Only an exact copy of the entries, stripped of pictures, will serve as the answer.
____ SUPPLIED MATERIAL
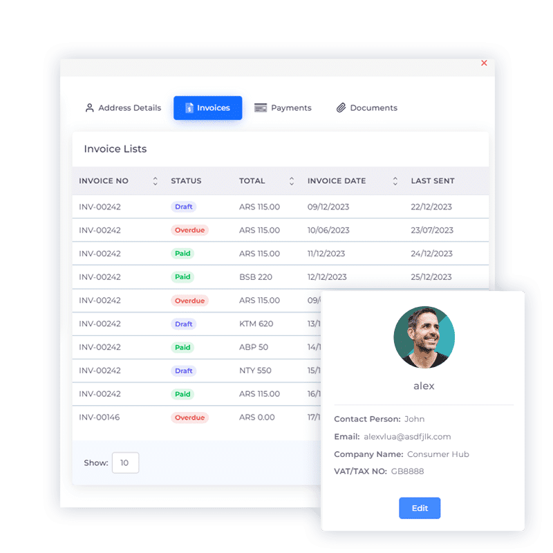 Dive deep into each customer’s transactional history. See every invoice sent, paid, and pending, ensuring you’re always informed.
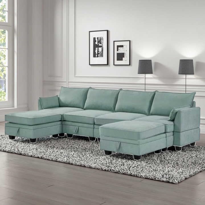 - Modern Design: Features a sleek U-shaped design that seamlessly fits into contemporary living spaces, providing ample seating for family and guests.
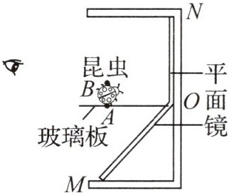 5. (2025·四川成都期末)如图所示是某同学用两块平面镜制作的昆虫观察箱,能同时观察到昆虫的腹部和背部,用A点表示昆虫的腹部,B点表示昆虫的背部,请你画出通过平面镜观察到的昆虫腹部、背部的像A'、B'.(忽略玻璃板的厚度)
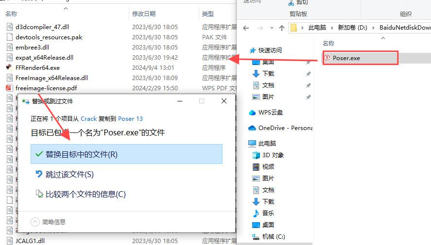 - 将Crack文件夹中的破解补丁复制到目录中,并替换。
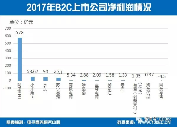 据电子商务研究中心监测数据显示,2017年中国B2C电商上市公司净利润排名为:阿里巴巴578亿元、小米集团53.62亿元、京东50亿元、苏宁易购42.1亿元、南极电商5.34亿元、唯品会2.88亿元、宝尊电商2.09亿元、御家汇1.58亿元、寺库1.33亿元、聚美优品亏损0.37亿元、有赞亏损1.35亿元、国美零售亏损4.5亿元。
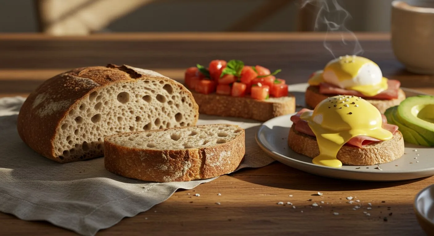 Fyrir þá sem vilja gera vel við sig og bjóða upp á eitthvað aðeins fínna, er Egg Benedict frábær kostur. Hefðbundið er það borið fram á enskri múffu, en við lofum ykkur því að súrdeigsbrauðið okkar tekur þennan rétt upp á nýtt stig. Stöðugleiki brauðsins og bragðmikil skorpan veita fullkomna andstæðu við ríka eggið og hollandaise sósuna.
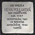 HERE LIVED VILMA POLLAKOVÁ NÉE ROUBÍČKOVÁ BORN 1897 DEPORTED 1941 TO THERESIENSTADT MURDERED 1942 IBIDEM |
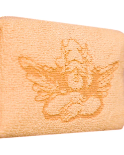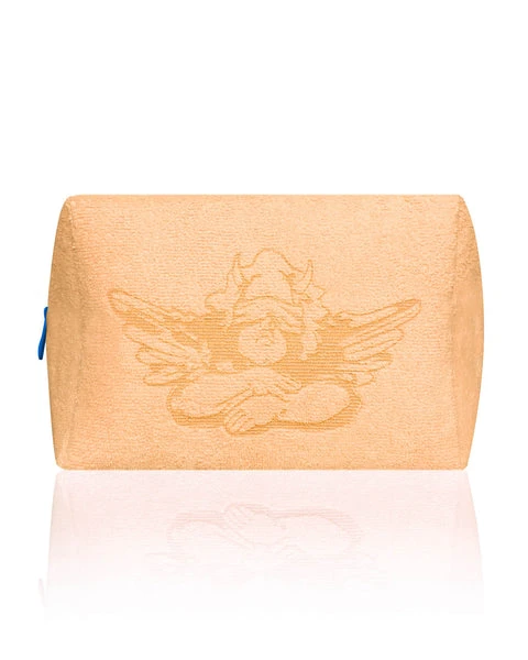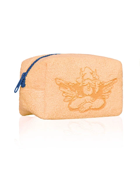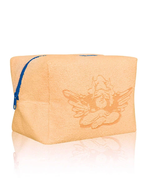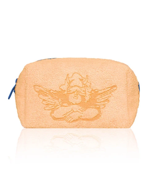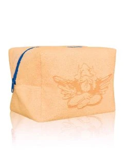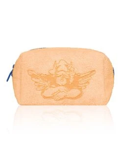 Orange terry cloth pouch with contrast blue zipper. Available in Small and Large sizes.
________
*EXPECTED OUTPUT*
 Dive deep into each customer’s transactional history. See every invoice sent, paid, and pending, ensuring you’re always informed.
 - Modern Design: Features a sleek U-shaped design that seamlessly fits into contemporary living spaces, providing ample seating for family and guests.
 5. (2025·四川成都期末)如图所示是某同学用两块平面镜制作的昆虫观察箱,能同时观察到昆虫的腹部和背部,用A点表示昆虫的腹部,B点表示昆虫的背部,请你画出通过平面镜观察到的昆虫腹部、背部的像A'、B'.(忽略玻璃板的厚度)
 - 将Crack文件夹中的破解补丁复制到目录中,并替换。
 据电子商务研究中心监测数据显示,2017年中国B2C电商上市公司净利润排名为:阿里巴巴578亿元、小米集团53.62亿元、京东50亿元、苏宁易购42.1亿元、南极电商5.34亿元、唯品会2.88亿元、宝尊电商2.09亿元、御家汇1.58亿元、寺库1.33亿元、聚美优品亏损0.37亿元、有赞亏损1.35亿元、国美零售亏损4.5亿元。
 Fyrir þá sem vilja gera vel við sig og bjóða upp á eitthvað aðeins fínna, er Egg Benedict frábær kostur. Hefðbundið er það borið fram á enskri múffu, en við lofum ykkur því að súrdeigsbrauðið okkar tekur þennan rétt upp á nýtt stig. Stöðugleiki brauðsins og bragðmikil skorpan veita fullkomna andstæðu við ríka eggið og hollandaise sósuna.
 HERE LIVED VILMA POLLAKOVÁ NÉE ROUBÍČKOVÁ BORN 1897 DEPORTED 1941 TO THERESIENSTADT MURDERED 1942 IBIDEM |
 Orange terry cloth pouch with contrast blue zipper. Available in Small and Large sizes.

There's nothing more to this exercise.